There’s a lot of guesswork attached to this review.
Not only is the date of the recording absent but there are no
notes about the music and nothing about the performers. The
sung words are only present in Latin and German and the only
substantial piece of information is about the (very successful)
surround processing applied to the presumably stereo original
recording.
A search on the web produced no information about
cantArte except that they made this CD. The obvious sound quality
changes between tracks imply a splicing together of this so-called
Festive Gregorian Mass from various tapes. Microphone
placement obviously changes, as does the pitch, sometimes quite
horribly. Tuning throughout is very suspect.
As for the music, let us start by making it clear
that there is no such work as the “Missa Gregoriana” (except
a pair of very obscure works by Hermann Schroeder (1957) and
by Albe Vidaković (1946)). What is presented here is a
series of 15 items that may or may not belong in the same work.
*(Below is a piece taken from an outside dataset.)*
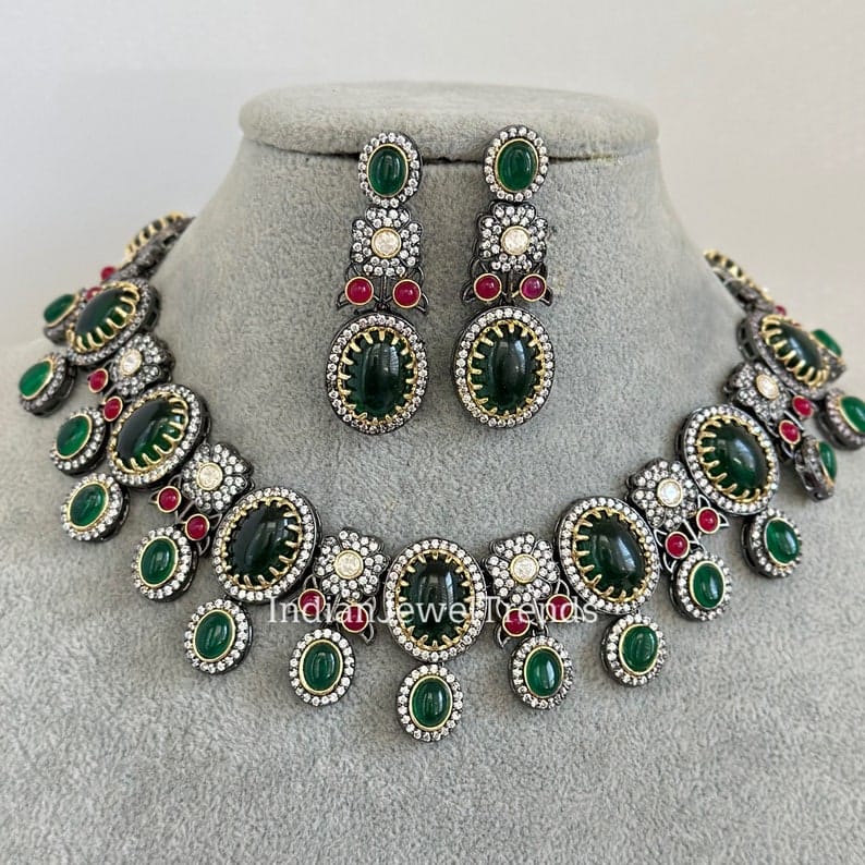 Gold Plated Beads Victorian Polish Necklace with Earrings

As noted already, they certainly did not come from the same
recording sessions. Indeed the very concept of these as musical
works is in doubt. The second half of the disc, a group of Hymnus
Eclesiae is at least more honestly presented as separate
pieces. Unlike the notes, the text, given here in the “original”
Latin and in German, comes from very early in church history,
probably validated around the time of Pope Gregory II (715-731)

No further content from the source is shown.